= Pestov–Ionin theorem =

Theorem that curves of bounded curvature contain a unit disk

A smooth simple closed curve of curvature at most one, and a unit disk enclosed by it

The Pestov–Ionin theorem in the differential geometry of plane curves states that every simple closed curve of curvature at most one encloses a unit disk. It has also been called the moon in a puddle theorem.

==History and generalizations==
Although a version of this was published for convex curves by Wilhelm Blaschke in 1916, it is named for German Gavrilovich Pestov and Vladimir Kuzmich Ionin, who published a version of this theorem in 1959 for non-convex doubly differentiable ($C^2$) curves, the curves for which the curvature is well-defined at every point.
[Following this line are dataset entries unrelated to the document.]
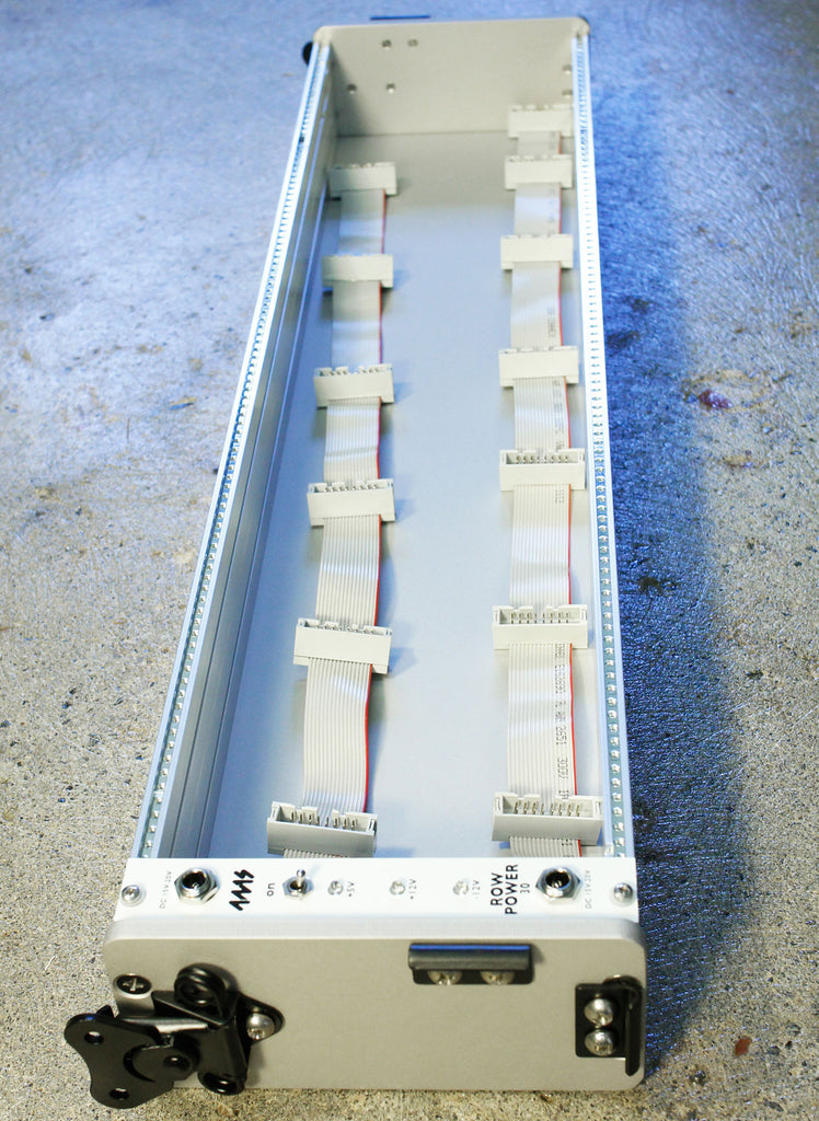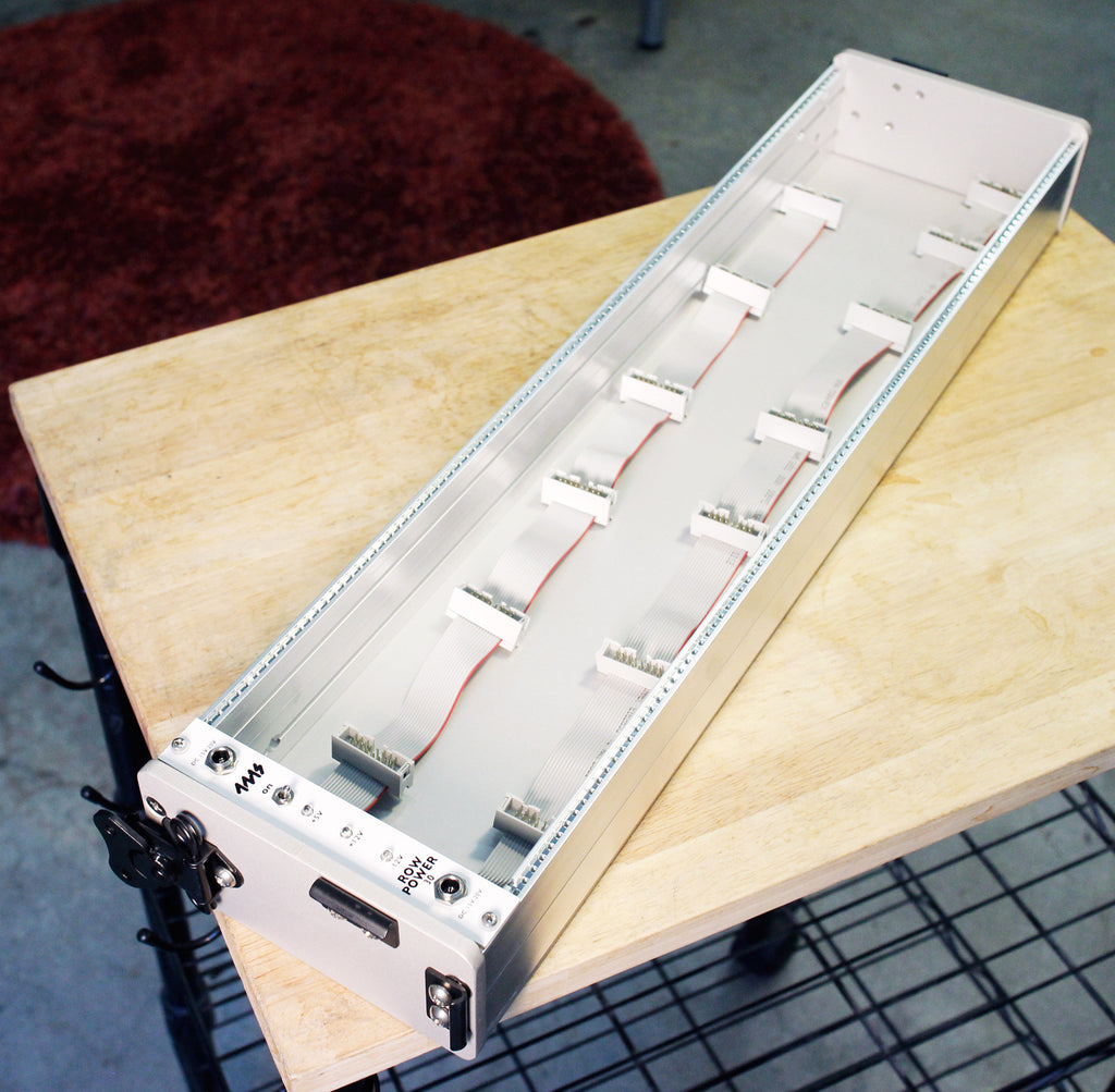 Stand-alone eurorack rows connect together in a variety of shapes and sizes with no screwdrivers or tools.
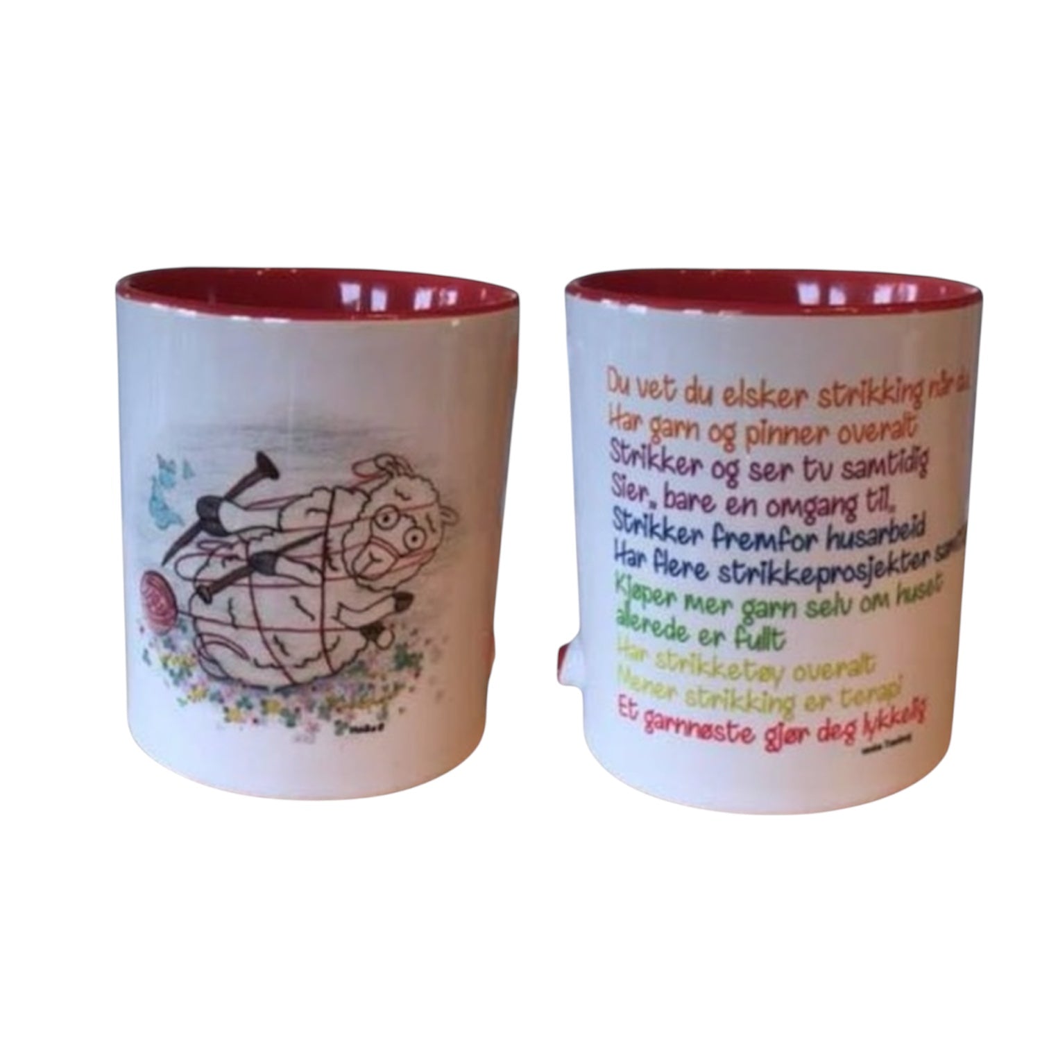 Flott gave til en som elsker å strikke. Navn kan settes på koppen om ønskelig.
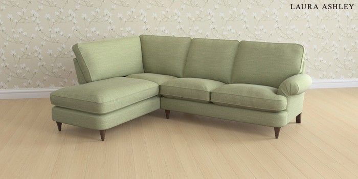6.12.1 Buy Beaumaris by Laura Ashley Medium Sofa Chaise - Left Hand Kinsham Hedgerow Green Low Turned - Chestnut from the Next UK online shop Click here to use our accessible website
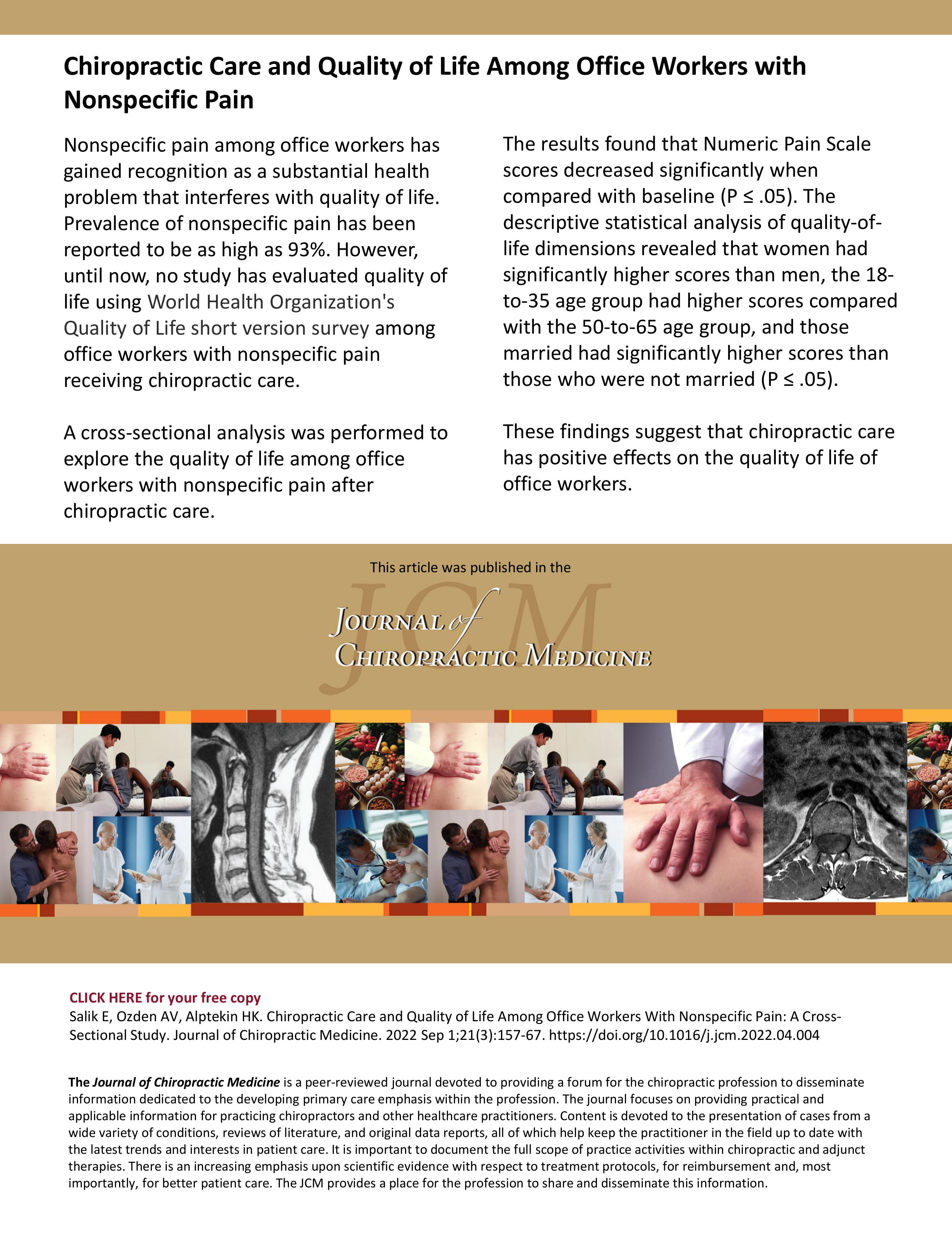 Chiropractic care normally has a positive impact on patients?ability to be physically active. Often treatment goals include improved motion or being able to perform work or daily activities.
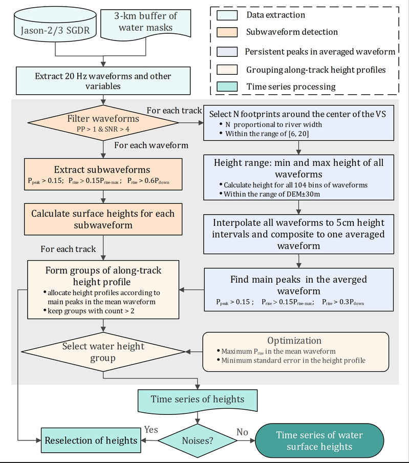 河湖水位是研究地表水存储及其变化、洪涝灾害预警和评估的关键水文参量。基于卫星测高技术提取河湖水位时序可以填补大量无/缺资料区(如高山河源区或中小型河流)的观测空白,为研究地表水动态变化及水资源科学管理提供重要依据。与表面同质的开阔海域相比,内陆水体在雷达高度计的返回波形信号可能受到多个异质反射源(周边背景水体、滨岸地形、人工建筑物等)干扰,导致回波波形呈现多峰分布和高噪声等特征,传统算法无法准确分离和确定目标水体水位信号。近年来提出的水位提取算法,需要人工干预或依赖较多的先验知识作为约束,无法在全球等大尺度应用中有效实施。目前,内陆水体水位产品观测空间密度显著低于卫星轨道覆盖的理论设计密度,限制了卫星测高产品在水文和气候变化研究中的应用。
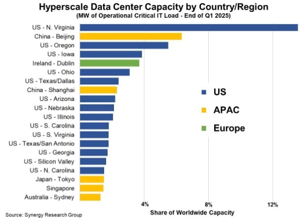 Northern Virginia leads the ranking, followed by Beijing, Shanghai, London, and Tokyo. Meanwhile, growth hotspots like Lagos, Warsaw, Dubai, Austin, and Kuala Lumpur demonstrate how power availability, real-estate affordability, and regulatory flexibility drive expansion into emerging markets.
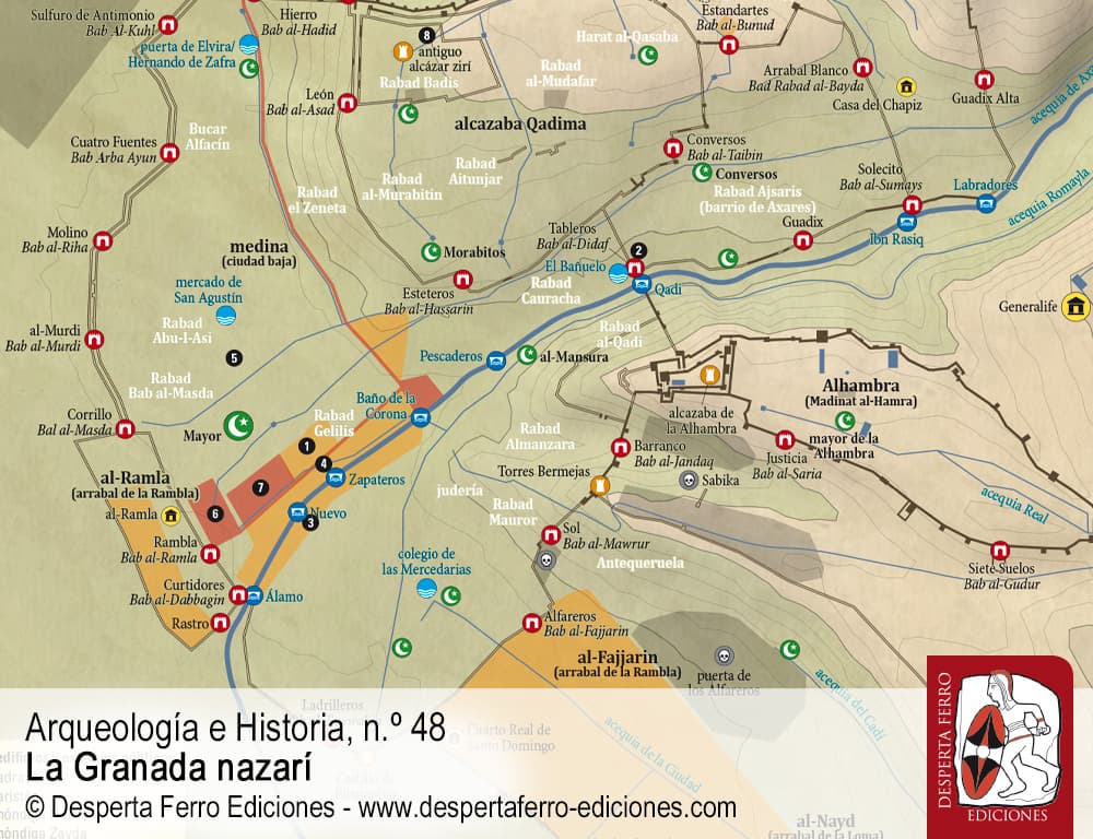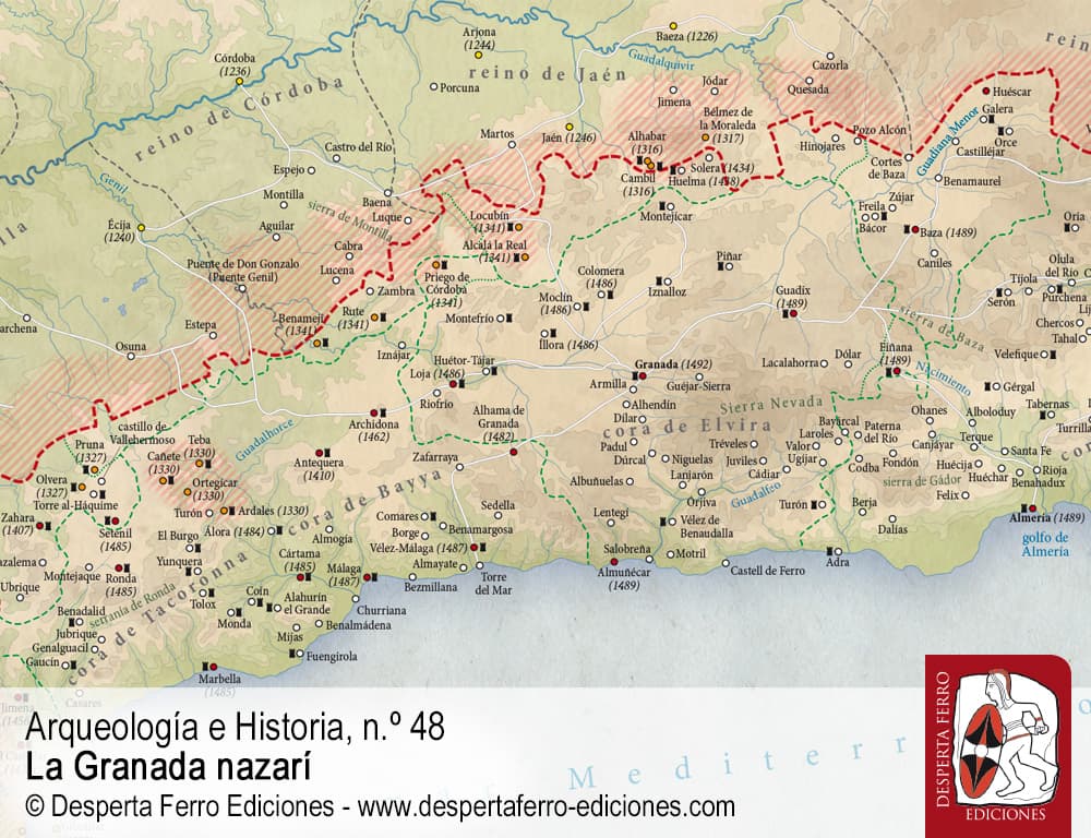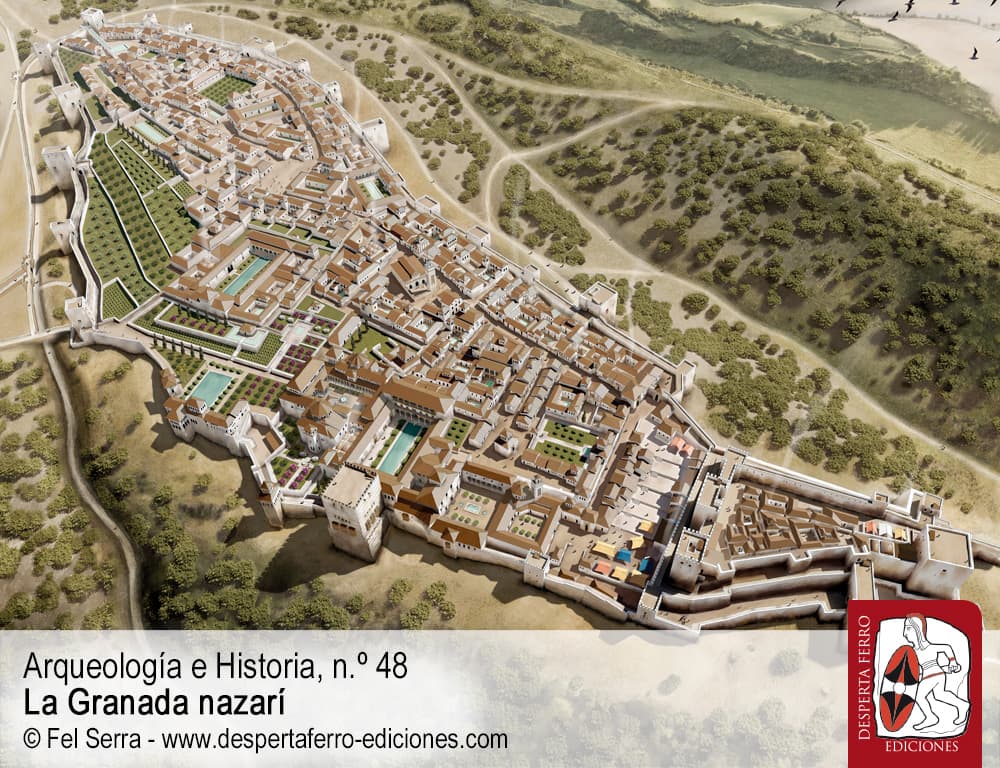 El emirato nazarí de Granada (1232-1492) fue uno de los reinos peninsulares más longevos del Medievo, aunque su imagen de solidez se ha visto lastrada por aquella famosa escena de la entrega de las llaves por parte de su último monarca, Boabdil, a los Reyes Católicos. Lo cierto es que, aunque el reino no dejó de ser hostigado por los reinos cristianos en expansión –con lo que ello suponía para los habitantes de los territorios fronterizos, que vivían con la constante inquietud sobre su futuro–, la vida en el emirato se desarrolló por lo general de un modo estable y dinámico. La nazarí era una sociedad muy activa, que hizo gala de un comercio vivo que contó con una importante presencia en el Mediterráneo occidental, y de una economía rural que compaginó modos de producción orientados al autoconsumo con la explotación de productos más específicos y tan apreciados como la seda o el azúcar de caña. En el centro neurálgico del último reino de al-Ándalus, y al amparo de las cumbres de Sierra Nevada, la ciudad nazarí de Granada fue creciendo exponencialmente para albergar a una población musulmana en progresiva retirada, hasta convertirse en una de las más importantes de Europa. Alzándose en una de sus colinas, la espectacular Alhambra se erguía orgullosa como un auténtico emblema del reino, repleta de ostentosos palacios y a la vez protegida por sólidas murallas.
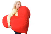 Valentine's Day. Piękna kobieta uśmiechający się z prezentu w postaci on
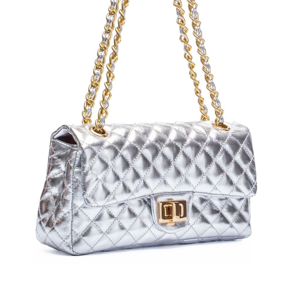 BOLSA COURO LEGÍTIMO QUILTED MÉDIA EM MATELASSÊ PRATA
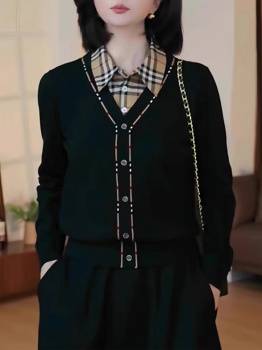 MY15779# 欧货时尚格纹翻领黑色毛衣针织开衫女秋冬新款复古高级显瘦上衣女裝貨源服裝批發
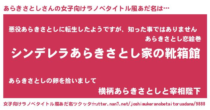| 意味不明あだ名 | 『住所不定無職あらきさとし(47歳)』 |
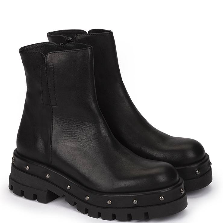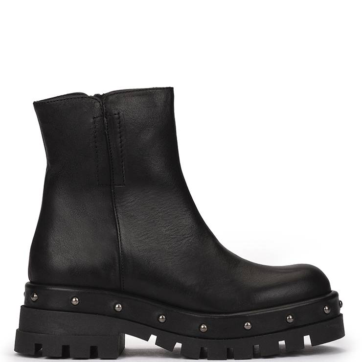 Botín de piel con suela track decorada con tachuelas. Suela track de goma con plataforma de 2 cm y tacón ancho de 4 cm.
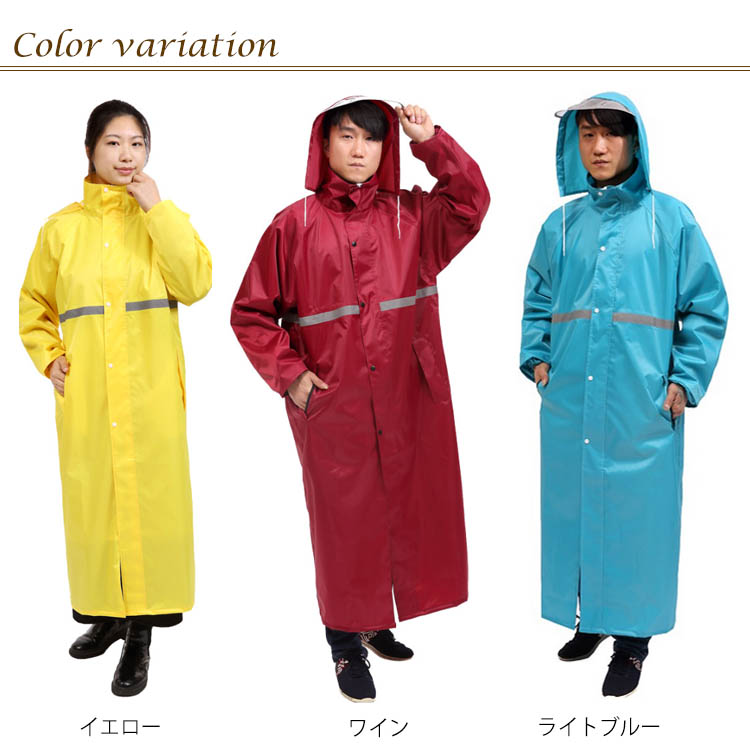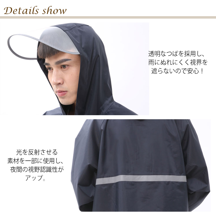 | 雨の日に自転車に、バイクに気楽に使えるレインコートが新登場! 透明な大きめのつばを採用し雨にぬれにくく視界を遮らないので自転車も安全に運転できます。 柔らかくて通気性に優れた素材で快適な着心地! 突然の雨でも安心!さっと着れる!さっと脱げる!携帯にも便利! | |

The theorem has been generalized further, to curves of bounded average curvature (singly differentiable, and satisfying a Lipschitz condition on the derivative), to curves of bounded convex curvature (each point of the curve touches a unit disk that, within some small neighborhood of the point, remains interior to the curve), and to curves whose curvature is bounded in a viscosity sense.

It does not generalize to higher dimensions: there exist surfaces whose principal curvatures are lower bounded by a constant, topologically equivalent to embedded spheres, that do not contain a sphere with that constant curvature. One construction for this is based on the house with two rooms, a topological complex that is contractible but not collapsible.

==Applications==
The theorem has been applied in algorithms for motion planning. In particular it has been used for finding Dubins paths, shortest routes for vehicles that can move only in a forwards direction and that can turn left or right with a bounded turning radius. It has also been used for planning the motion of the cutter in a milling machine for pocket machining, and in reconstructing curves from scattered data points.